▶ Exercise materials
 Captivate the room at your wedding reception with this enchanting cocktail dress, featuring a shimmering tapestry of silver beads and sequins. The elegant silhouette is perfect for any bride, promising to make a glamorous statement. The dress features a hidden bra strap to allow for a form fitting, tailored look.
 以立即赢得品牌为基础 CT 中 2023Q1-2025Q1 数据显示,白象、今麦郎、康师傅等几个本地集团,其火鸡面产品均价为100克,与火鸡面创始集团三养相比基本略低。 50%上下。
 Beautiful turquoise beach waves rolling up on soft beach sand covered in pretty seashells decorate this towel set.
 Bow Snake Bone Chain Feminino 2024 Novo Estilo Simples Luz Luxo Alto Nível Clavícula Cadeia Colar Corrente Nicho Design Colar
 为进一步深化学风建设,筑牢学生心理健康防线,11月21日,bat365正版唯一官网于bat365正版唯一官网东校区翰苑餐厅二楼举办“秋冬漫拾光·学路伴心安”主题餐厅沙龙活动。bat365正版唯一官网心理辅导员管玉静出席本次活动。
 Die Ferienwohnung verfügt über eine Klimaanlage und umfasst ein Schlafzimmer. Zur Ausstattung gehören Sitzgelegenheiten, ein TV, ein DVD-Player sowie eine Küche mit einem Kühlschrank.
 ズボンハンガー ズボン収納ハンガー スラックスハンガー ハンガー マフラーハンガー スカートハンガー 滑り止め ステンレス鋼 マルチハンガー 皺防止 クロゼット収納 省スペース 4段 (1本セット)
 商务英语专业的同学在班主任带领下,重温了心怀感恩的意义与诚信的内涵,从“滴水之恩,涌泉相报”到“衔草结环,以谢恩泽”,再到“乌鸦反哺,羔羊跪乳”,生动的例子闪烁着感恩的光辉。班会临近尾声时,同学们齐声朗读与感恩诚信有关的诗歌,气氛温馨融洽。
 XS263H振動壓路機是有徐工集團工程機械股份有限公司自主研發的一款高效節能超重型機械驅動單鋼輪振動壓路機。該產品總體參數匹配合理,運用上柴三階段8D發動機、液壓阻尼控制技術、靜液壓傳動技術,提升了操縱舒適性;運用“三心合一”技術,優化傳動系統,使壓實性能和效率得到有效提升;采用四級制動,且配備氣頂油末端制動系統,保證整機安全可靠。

▶ The task
Within the data above, how many lines contain the word "this"? Write only the number.

▶ Written solution
2